Tougher financing conditions, coupled with doubts over the return of looser credit, are drawing the leading Brazilian banks back to structured finance.

Over the past couple of weeks, Banco do Brasil (BdB), Unibanco and Banco Santander's Brazilian unit have tapped their diversified payment rights (DPRs). These come on top of the DPR deals that BdB and Banco Bradesco executed in March. The frequency of issuance in a two-month span from these erstwhile engines of emerging-market ABS is unlike any the market has witnessed since 2004.

But there's something different about this bout of activity. Thanks to the lingering anxiety over the pricing of risk, a question mark still hangs over the willingness of market investors and originators to meet eye to eye on yield. The pricing of recent deals isn't necessarily what traditional buyers of this paper are after.

There does appear to be one exception, but it may end up proving the rule. Scheduled to fund this week, Banco Santander's $190 million, seven-year paper went to market investors, according to sources close to the transaction. But it was unclear at press time whether the number of buyers was large enough to indicate whether the deals would mainly be retained or go to arrangers' conduits or whether the deals would be sold to institutional future-flow investors. The other problem with the applicability of the Santander transaction, which priced at 6.218%, was the fact that the originator is a unit of a highly rated Spanish bank that has a reputation for not abandoning its subsidiaries in hard times, said a source away from the deal. Wachovia and Santander Investment led the transaction. Fitch Ratings, Moody's Investors Service and Standard & Poor's gave the deal ratings of A-', A3' and A-', respectively.

The bank made its debut in this asset class in September 2004, when Santander and recently merged Banespa issued a seven-year $400 million deal via Merrill Lynch.

S&P boosted its ratings by a notch on the DPR programs from Santander and its Brazilian peers after raising Brazil to an investment-grade BBB-' from BB+'. While widely anticipated, the move is likely to improve the prospects of deals from Brazilian issuers.

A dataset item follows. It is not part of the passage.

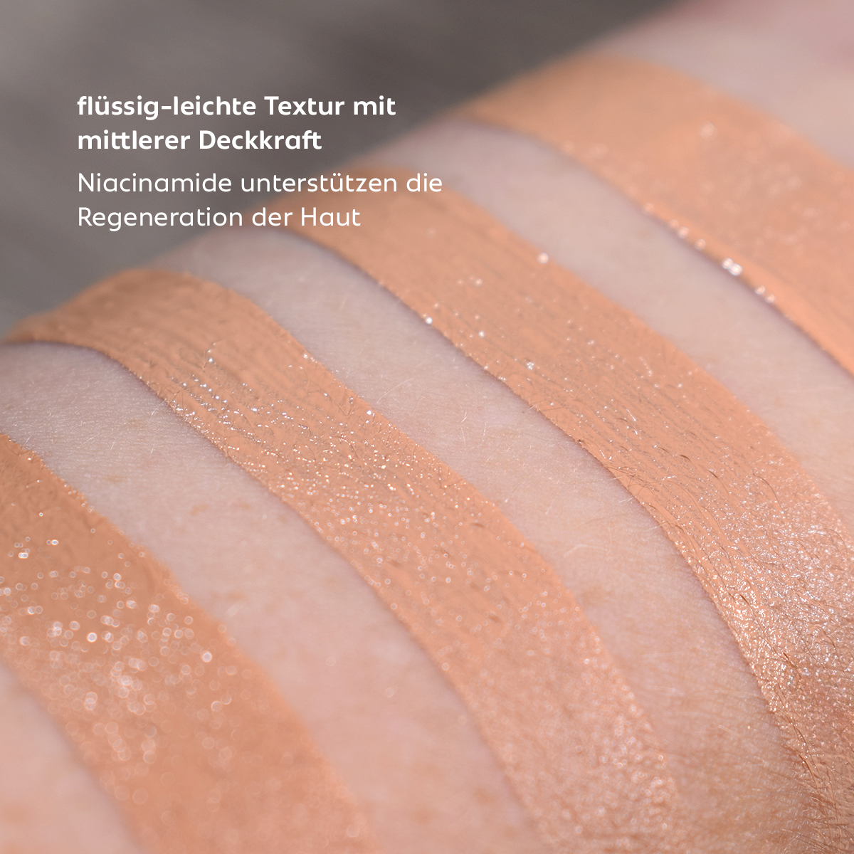 Die flüssig-leichte SKIN PERFECTION FOUNDATION vereint Pflege und Perfektion. Die federleichte Textur verschmilzt sanft mit der Haut, sorgt für ein seidig-glattes Finish und ein schwereloses Tragegefühl. Lichtreflektierende Pigmente kaschieren Unebenheiten, während Niacinamide die Regeneration der Haut unterstützen. Für einen natürlich ebenmäßigen glatten Teint und ein gepflegtes Hautbild.

Unibanco's $200 million seven-year deal closed last week and was rated A1' and BBB+' by Moody's and S&P, respectively. It was understood to have been partly or fully sunk into Manhattan Asset Funding Co., an ABCP conduit administered by Sumitomo Mitsui Banking Corp., according to market sources. A source at Sumitomo didn't return a call for comment. Sumitomo's SMBC Securities and WestLB arranged the transaction, with pricing undisclosed as of press time.

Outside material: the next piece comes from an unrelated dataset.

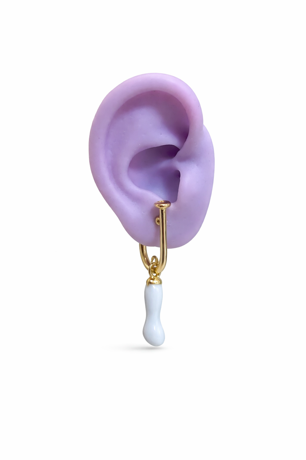 Brinco dourado banhado a ouro, com pingente resinado na cor azul claro.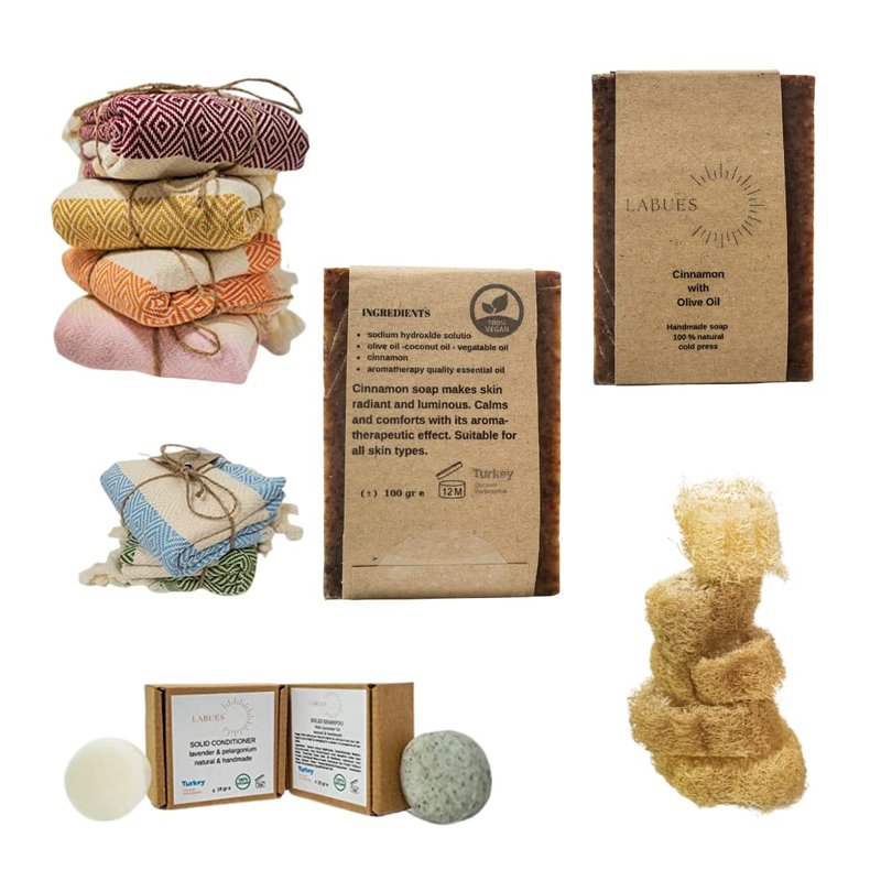 Eco-friendly travel set includes solid shampoo and conditioner bars made with natural ingredients, nourishing handcrafted soap, exfoliating loofah, and a versatile Turkish peshtemal towel made of premium cotton. Cleanses and nourishes hair and skin, removes dead skin cells, and promotes blood circulation. Highly absorbent and quick-drying, perfect for travel.

Manhattan Asset had $1.78 billion in outstanding commercial paper as of January, having grown from $1.02 billion in September of last year, but well below the $3.03 billion of June 2007, according to data from S&P. The number of sellers totaled 26 at the end of January, with an average seller size of $69 million. Some 71% of the assets backing the conduit are investment grade. Moody's and S&P rate Manhattan Asset Prime-1' and A-1', respectively. Fitch withdrew its rating on the conduit in July 2007.

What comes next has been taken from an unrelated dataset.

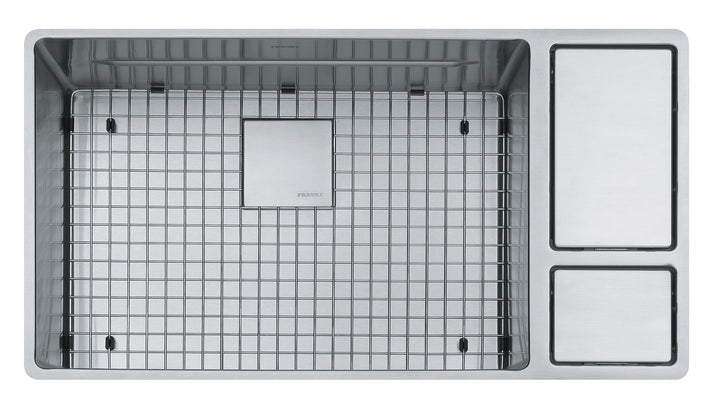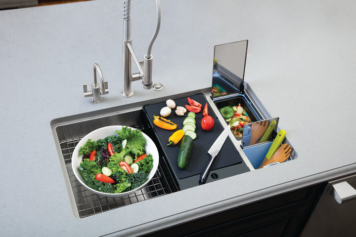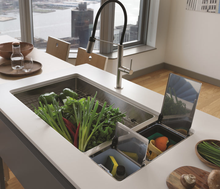 Stainless steel undermount single bowl kitchen sink with integrated waste and compost buckets, and sink accessories. Includes drain tray, colander, shelf/bottom grid, cutting board and mat, roller mat, waste fitting, and drain cover.

Unibanco is Brazil's fifth-largest private bank by assets and generated roughly 3.7% of all payment orders processed through Brazilian banks, according to S&P. Structural features that mitigate risks include triggers for the debt-service coverage and an offshore collection - which helps keep any threat of sovereign interference at bay. Both of these features are typical for Brazilian DPR transactions. Unibanco raised $600 million last year by tapping DPRs.

The third in the recent trio of issuers, BdB placed a $150 million, 10-year transaction that was self-led and sold to a single investor, according to sources. The coupon was reportedly 5.25%, but it was unclear at press time whether the deal priced at par. Moody's and S&P rated the deal A1' and A-', respectively.

In early March, BdB closed a $250 million, six-year DPR deal wrapped by Assured Guaranty. That deal marked the end of the bank's four-year hiatus from collateralizing this asset class.

Also on the DPR front, there was market talk that Dresdner Kleinwort was eyeing European investors for a $200 million, seven-year tranche it had underwritten for Bradesco in December of last year. To filter it into the market, the bank has reportedly registered the deal for Reg S distribution. A Dresdner official hadn't returned a call for comment by press time.

The DPR flows of Brazilian banks are sensitive to the economic performance of the country and its trading partners and to the vicissitudes of inward foreign direct investment. An economywide slowdown can hurt the kinds of activity that underpin DPR flows. But distress in particular sectors could also impair DPR figures. In the past few years, for instance, the asset class has been powered by the strong prices of oil, iron ore and other commodities. Lower prices would weaken that engine of growth.

Peru on DPR Radar Too

Meanwhile, Peruvian banks appear to be on the DPR radar as well. Banco de Credito del Peru, which placed a $500 million DPR deal via Standard Chartered last year, was heard to be considering a tap soon. An official from the bank said nothing had been decided, but that if a deal were forthcoming it would be private. Market talk was that a mandate had already been awarded.

Meanwhile, peers BBVA Banco Continental and Interbank were also understood to be open to pitches for a financial future-flow transaction. Interbank had canceled a deal only a few years ago because of political noise, according to one market source.